DATASET EXTRACT:
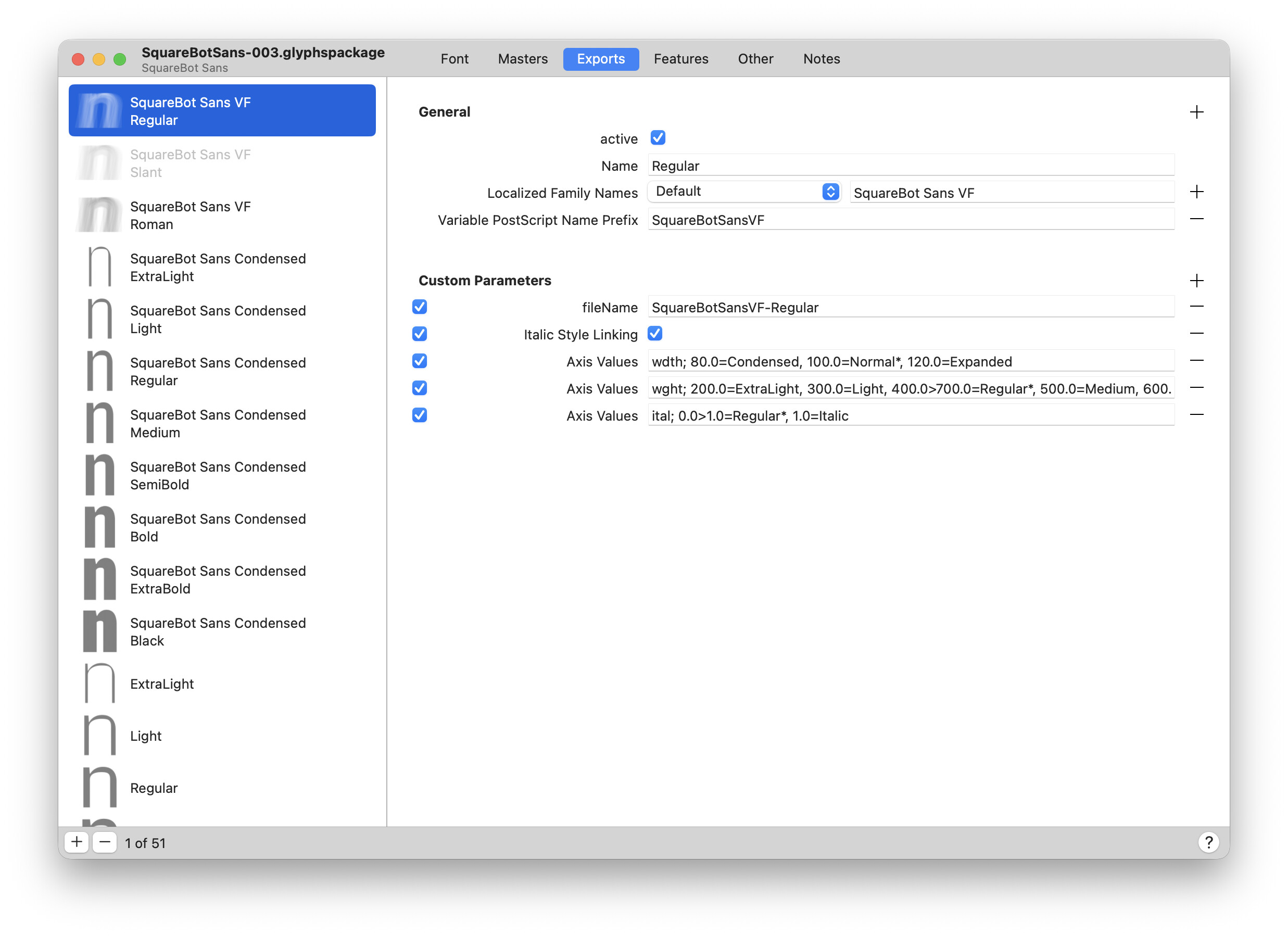 I’ve set up 3 axes, but the italic is not ready yet. I’d like to have two export setups:
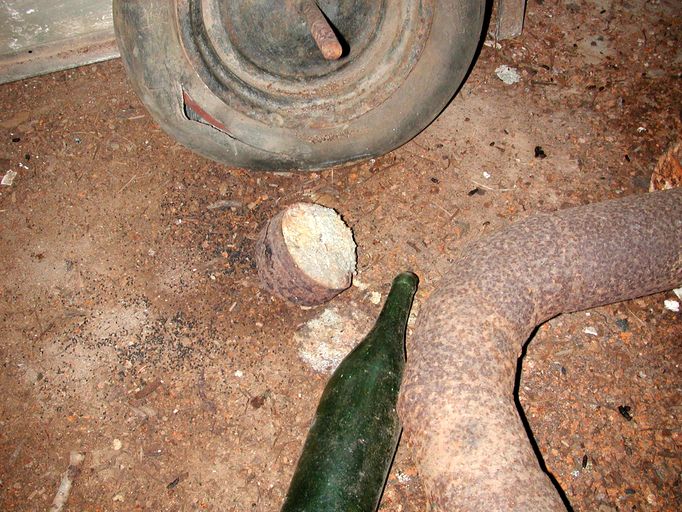 Vue de la chambre de troupe de gauche : cartouche de masque à gaz gisant au sol (état en 2003)Immatriculation
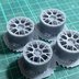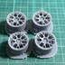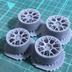 RE-V7自作ホイール。1/24スケールで19インチになるようにサイズを設定しており、1台分の4本のホイールの商品になります。 ※ホイールのみの購入ではタイヤは付属しません。タイヤ付セットが単品よりお得になっております。 ホイールサイズ(19インチ) 外径 約22mm 横幅 約11mm PCD114.3 光造形式8K 3Dプリンターで印刷し、積層ピッチは0.2mmです。2次硬化、洗浄は実施済み。 現品は無塗装、形成色はグレーになります。当製品はレジン製で加工にスキルが必要です。中級者以上推奨。 材質はレジンですのでプラモデル用接着剤では接着できません。3Dプリンタで印刷する関係上、積層痕が発生しています。やすりで表面を磨くか、サーフェイサーを吹いたうえで塗装すると積層痕が軽減されます。 サポート材を切り離す際はニッパーなどで一つずつ切り出してください。無理な力がかかると本体にダメージが入る場合があります。 形成色がマーブル状になる場合がございますが、レジン樹脂の色素の沈殿によるもので、そのままお使いいただけます。 A/T社、H/F社それぞれに適応するように別形状のナットパーツが付属します。 ホイールの種類によってブレーキハブとの距離が異なるため、最適なナットパーツを使用して、お好みの位置を調整してください。 使用するホイールの種類によっては加工が必要な場合がございます。サイズが合わない場合は紙やすりで削る又は、マスキングテープを巻くなど加工してお使いください。
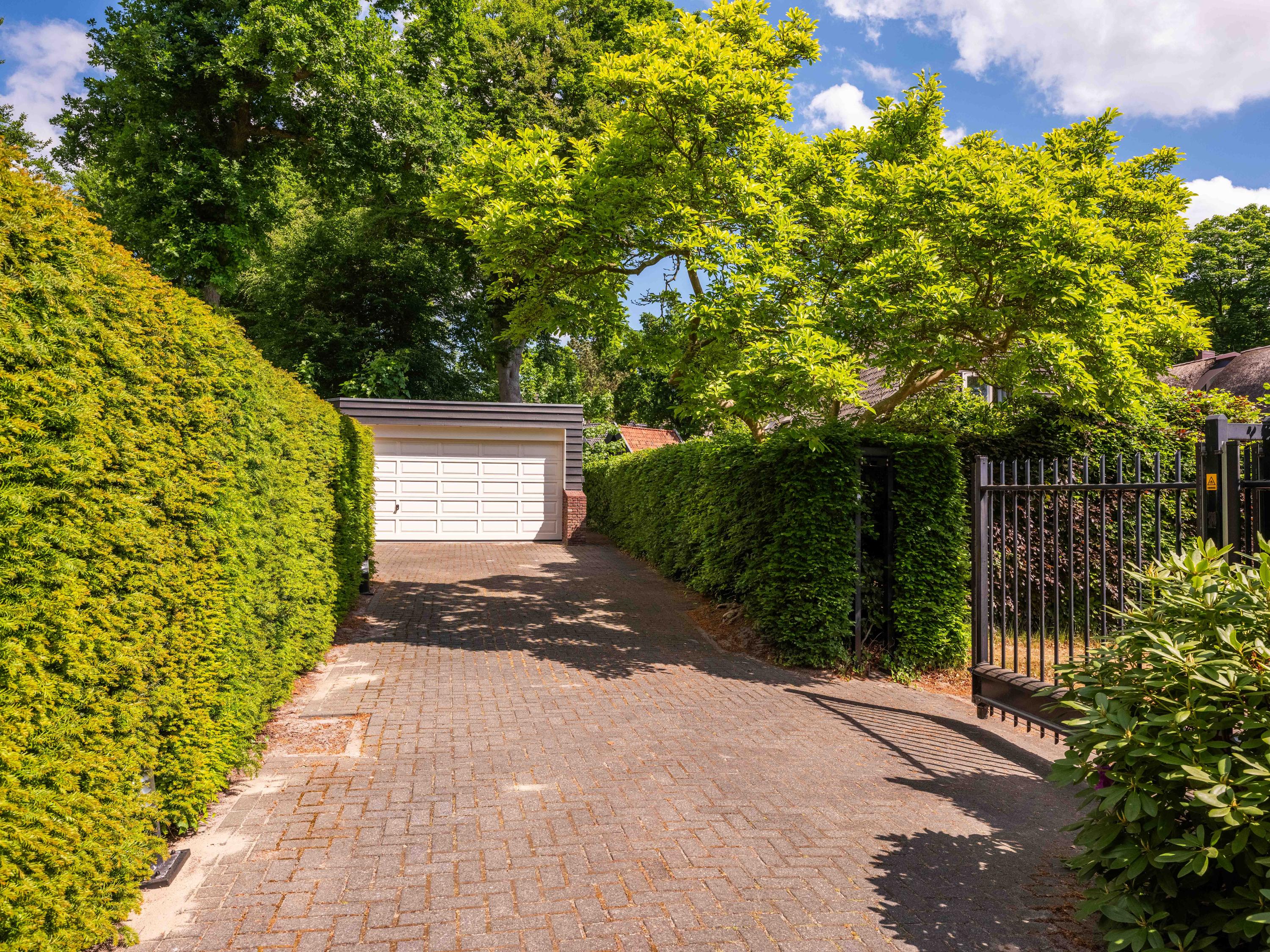 Bij het entree van het park vanaf de Studler van Surcklaan wordt u verwelkomt door het "toegangshuisje" nu in gebruik als kantoor en behorende bij de villa die wij hier te koop aanbieden! De villa en het bijhuisje zijn gelegen in een prachtige parkachtige tuin met aan de de achterzijde een geheel omsloten en privacyvolle achtertuin.
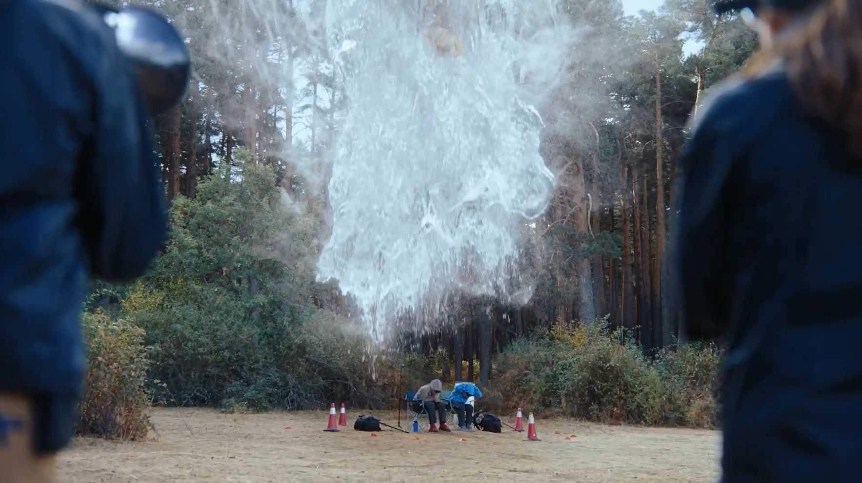 Der Versuchsaufbau gibt den Befürchtungen recht. Über zwei Probandinnen hängt ein riesiger Wasserballon an einem Kran, der nach Angaben des Unternehmens so viel Wasser enthält, wie normalerweise in einem ganzen Jahr an Regen fällt. Eine solche Menge bringt nicht nur Feuchtigkeit, sondern hat auch viel Kraft. So werden die Testpersonen nicht nur nass, sie werden auch von den Stühlen gerissen und über den Boden geschleudert. Was für eine Produktwerbung hart an die Grenze geht.

TASK TO COMPLETE:
Copy out the whole listing exactly, and don't carry over any pictures.

WRITTEN ANSWER:
 I’ve set up 3 axes, but the italic is not ready yet. I’d like to have two export setups:
 Vue de la chambre de troupe de gauche : cartouche de masque à gaz gisant au sol (état en 2003)Immatriculation
 RE-V7自作ホイール。1/24スケールで19インチになるようにサイズを設定しており、1台分の4本のホイールの商品になります。 ※ホイールのみの購入ではタイヤは付属しません。タイヤ付セットが単品よりお得になっております。 ホイールサイズ(19インチ) 外径 約22mm 横幅 約11mm PCD114.3 光造形式8K 3Dプリンターで印刷し、積層ピッチは0.2mmです。2次硬化、洗浄は実施済み。 現品は無塗装、形成色はグレーになります。当製品はレジン製で加工にスキルが必要です。中級者以上推奨。 材質はレジンですのでプラモデル用接着剤では接着できません。3Dプリンタで印刷する関係上、積層痕が発生しています。やすりで表面を磨くか、サーフェイサーを吹いたうえで塗装すると積層痕が軽減されます。 サポート材を切り離す際はニッパーなどで一つずつ切り出してください。無理な力がかかると本体にダメージが入る場合があります。 形成色がマーブル状になる場合がございますが、レジン樹脂の色素の沈殿によるもので、そのままお使いいただけます。 A/T社、H/F社それぞれに適応するように別形状のナットパーツが付属します。 ホイールの種類によってブレーキハブとの距離が異なるため、最適なナットパーツを使用して、お好みの位置を調整してください。 使用するホイールの種類によっては加工が必要な場合がございます。サイズが合わない場合は紙やすりで削る又は、マスキングテープを巻くなど加工してお使いください。
 Bij het entree van het park vanaf de Studler van Surcklaan wordt u verwelkomt door het "toegangshuisje" nu in gebruik als kantoor en behorende bij de villa die wij hier te koop aanbieden! De villa en het bijhuisje zijn gelegen in een prachtige parkachtige tuin met aan de de achterzijde een geheel omsloten en privacyvolle achtertuin.
 Der Versuchsaufbau gibt den Befürchtungen recht. Über zwei Probandinnen hängt ein riesiger Wasserballon an einem Kran, der nach Angaben des Unternehmens so viel Wasser enthält, wie normalerweise in einem ganzen Jahr an Regen fällt. Eine solche Menge bringt nicht nur Feuchtigkeit, sondern hat auch viel Kraft. So werden die Testpersonen nicht nur nass, sie werden auch von den Stühlen gerissen und über den Boden geschleudert. Was für eine Produktwerbung hart an die Grenze geht.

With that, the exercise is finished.